Prior to these were the NRO hearings, the repeated announcements in prime time broadcasts that ‘the next 48 hours are critical’ as another bench sat down to deliberate in another ‘decisive’ case that held the future of the country’s leadership in its stead. Prior to that was the restoration of the judges issue, and then those days when the Supreme Court took up the case of whether or not Pervez Musharraf could seek another term in office, proceedings that ended in the declaration of emergency in November 2007.
Power struggles do not end until those who stand in the most powerful office of the country learn that the office is larger than them.
The list is long and varied. And no, I’m not trying to say that all these cases were the same. Each had their own issues, their own laws to interpret. But each one created an aura like a singularity, as if this was the moment towards which all history had been flowing and from which all futures would emanate. Each of them brought the feeling that the destiny of the country was at stake, that fundamental, foundational issues were being discussed and resolved in the light of the law.
To some extent that was true. One reason another army chief will think twice about launching another emergency or another political leader will think thrice before storming the Supreme Court is because of the lawyers movement and the enhanced place of the court in the power structure of the country. But to an equal, if not more significant, extent, the sheer number of times this country keeps landing up in this moment, especially in the past decade, shows an intensification of the power struggle at the highest levels.
This is what has to end. One thing about power struggles that keeps them going is people whose desire for power is larger than their desire to build the institution that has bestowed this power upon them. It is with sadness that all day we were reminded that there is only one example of an army chief in the past 20 years who did not get, nor publicly seek, an extension in his tenure.
This power struggle does not end unless this thirst for extensions ends. It does not end until those who stand in the most powerful office of the country learn that the office is larger than them. It was there before they came into it. It will be there long after they are gone. While they occupy it, it is the office that they serve. Not the other way round. And one of the central tenets of this service is respect for the rules under which it is constituted, and the same rules through which they have come to occupy the office in the first place.
The proceedings before the court established one thing clearly: there is no law under which an extension of tenure can be granted to an army chief. Those who took these extensions in the past either gave it to themselves because they were military rulers, or in the one lone case of General Kiyani, took it without contest.
None of those conditions exist today, the court observed. The government’s decision, putatively made independently though that is hard to believe, to grant and extension in tenure to Gen Bajwa, has been made by a political government led by a prime minister who bitterly opposed granting extensions in the past, especially when the same was granted to Gen Kayani.
His words back then are worth quoting in full, so here goes: “Even in wartime, back in World War I, they never made an exception for anyone, because institutions function according to their rules, when you break their rules, or change them for the sake of an individual, like Musharraf did, like every dictator does, you destroy that institution ... If we are to save this country, we have to strengthen institutions, look at how Gen Musharraf destroyed the image of the army ... For every institution, whether a judge or a general, there is a rule of law, and they should operate according to those rules.”

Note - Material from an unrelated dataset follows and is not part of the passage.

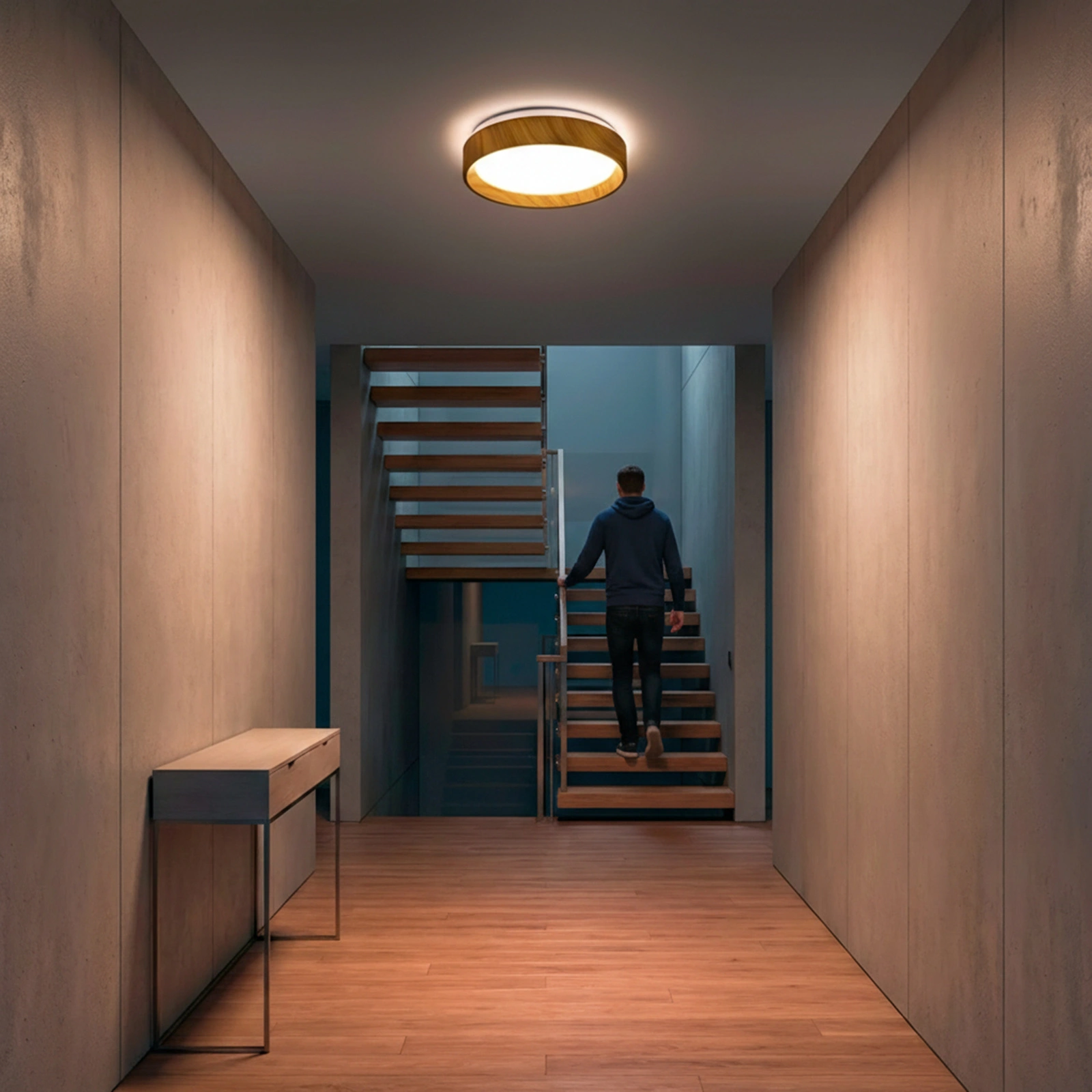 Povrchová montáž umožňuje rychlou instalaci plafonu bez zásahu do stropu a bez dalších dokončovacích prací. Barevné provedení inspirované dřevem opticky zatepluje interiér a kruhový tvar pomáhá ihned po instalaci vytvořit jednotný a úhledný efekt. Díky tomu svítidlo dobře zapadá do uspořádání a esteticky uzavírá vzhled stropu.

In that same interview he was categorical that he would never grant an extension to an army chief like President Zardari had just done for Gen Kayani.
There is more to the institution of the military than its might and its prestige. As a leading institution in the country it has to show the way to others as well, and curate its legacy and its place in the country’s power structure. After Wednesday’s hearing in the court, there is little doubt that this higher purpose, before which all chiefs should submit, will best be served by standing down.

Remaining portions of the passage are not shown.